- DATA SUPPLIED -
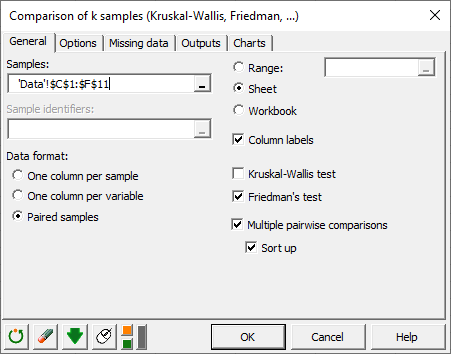 一般タブで、まず対応のある標本オプションを有効にして、標本フィールドをクリックし Excel シートでデータを選択します: 4種類のチーズ(または標本、または処置)に対応するデータの4列をマウスで選択します。
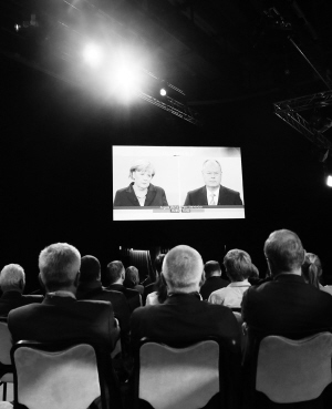 德国总理候选人举行议会选举前辩论 9月1日,在德国柏林的一处媒体中心,观众在观看总理候选人选前电视辩论。当日,德国总理默克尔与德国社会民主党总理候选人佩尔·施泰因布吕克举行选前电视辩论,阐述各自的竞选主张。德国第18届联邦议会选举将于9月22日举行。新华社发
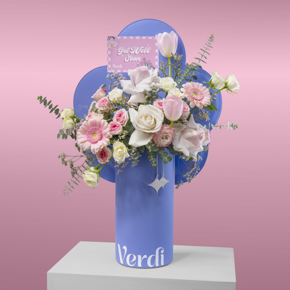 فازة رقيقة تضم زهور التوليب، البيبي جوري، الجيربيرا والجوري، بتنسيق ساحر يضيف لمسة من الأناقة والرقة.
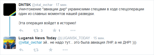 Утром в районе шахты № 7, Петровский район н.п. Донецк прогремело 3 взрыва. 2 взрыва в районе овощного рынка и 1 в районе бывшего горчичного цеха. Взрывы, как оказалось, произошли в результате попадания артиллерии ВС Украины в боекомплект. Примерно в это же время в том же районе находились и два известных боевика: Обезьяна и Мопед (читай Гывы и Мотороллер). Хотелось бы узнать, как их здоровье...
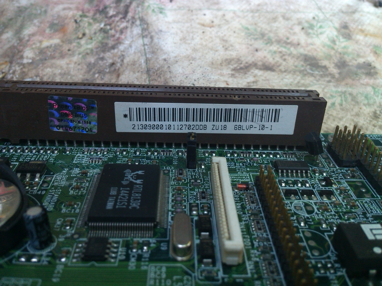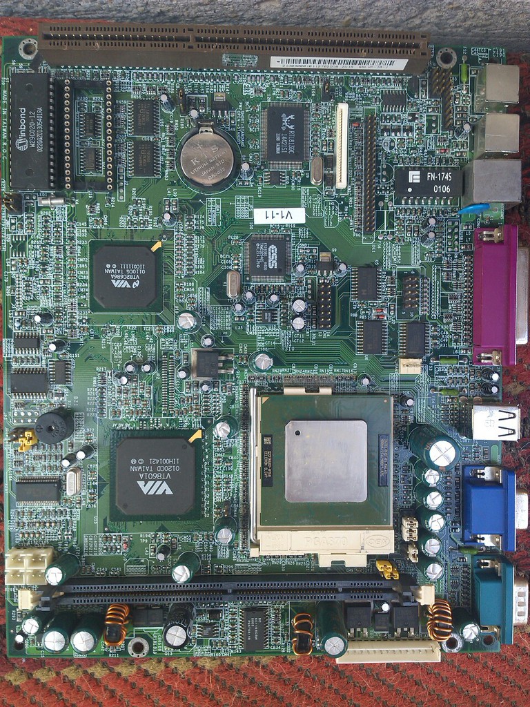 Ez egy Via PLE133 chipsetes (VT8601B északi híd, VT82C686B déli híd) Pentium 3 alaplap. Jelenleg egy Intel Celeron proci lapul benne. PC100 ill. PC133 SDRAM-ot kezel (max. 1GB), és Riser csatlakozón keresztül lehet hozzá bővítőkártyákat használni. Valószínűleg valami kis irodai számítógépben lehetett. A gyártó jelzését nem látom sehol, de a típusa: 6BLVP.
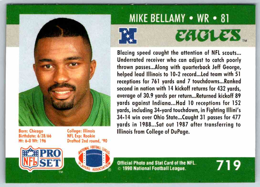 This 1990 Proset Mike Bellamy card #719 is a must-have item for any serious sports collector. Featuring vibrant, full-color photography, this card captures the excitement of the game as Mike Bellamy was a star running back for the Chicago Bears. The card is in near-mint condition and is perfect for any collection. With a unique design and high-quality construction, this card is sure to make a great addition to any collection.

- EXERCISE GOAL -
I'd like the records above given again exactly, please, without the pictures.

- YOUR SOLUTION -
 一般タブで、まず対応のある標本オプションを有効にして、標本フィールドをクリックし Excel シートでデータを選択します: 4種類のチーズ(または標本、または処置)に対応するデータの4列をマウスで選択します。
 德国总理候选人举行议会选举前辩论 9月1日,在德国柏林的一处媒体中心,观众在观看总理候选人选前电视辩论。当日,德国总理默克尔与德国社会民主党总理候选人佩尔·施泰因布吕克举行选前电视辩论,阐述各自的竞选主张。德国第18届联邦议会选举将于9月22日举行。新华社发
 فازة رقيقة تضم زهور التوليب، البيبي جوري، الجيربيرا والجوري، بتنسيق ساحر يضيف لمسة من الأناقة والرقة.
 Утром в районе шахты № 7, Петровский район н.п. Донецк прогремело 3 взрыва. 2 взрыва в районе овощного рынка и 1 в районе бывшего горчичного цеха. Взрывы, как оказалось, произошли в результате попадания артиллерии ВС Украины в боекомплект. Примерно в это же время в том же районе находились и два известных боевика: Обезьяна и Мопед (читай Гывы и Мотороллер). Хотелось бы узнать, как их здоровье...
 Ez egy Via PLE133 chipsetes (VT8601B északi híd, VT82C686B déli híd) Pentium 3 alaplap. Jelenleg egy Intel Celeron proci lapul benne. PC100 ill. PC133 SDRAM-ot kezel (max. 1GB), és Riser csatlakozón keresztül lehet hozzá bővítőkártyákat használni. Valószínűleg valami kis irodai számítógépben lehetett. A gyártó jelzését nem látom sehol, de a típusa: 6BLVP.
 This 1990 Proset Mike Bellamy card #719 is a must-have item for any serious sports collector. Featuring vibrant, full-color photography, this card captures the excitement of the game as Mike Bellamy was a star running back for the Chicago Bears. The card is in near-mint condition and is perfect for any collection. With a unique design and high-quality construction, this card is sure to make a great addition to any collection.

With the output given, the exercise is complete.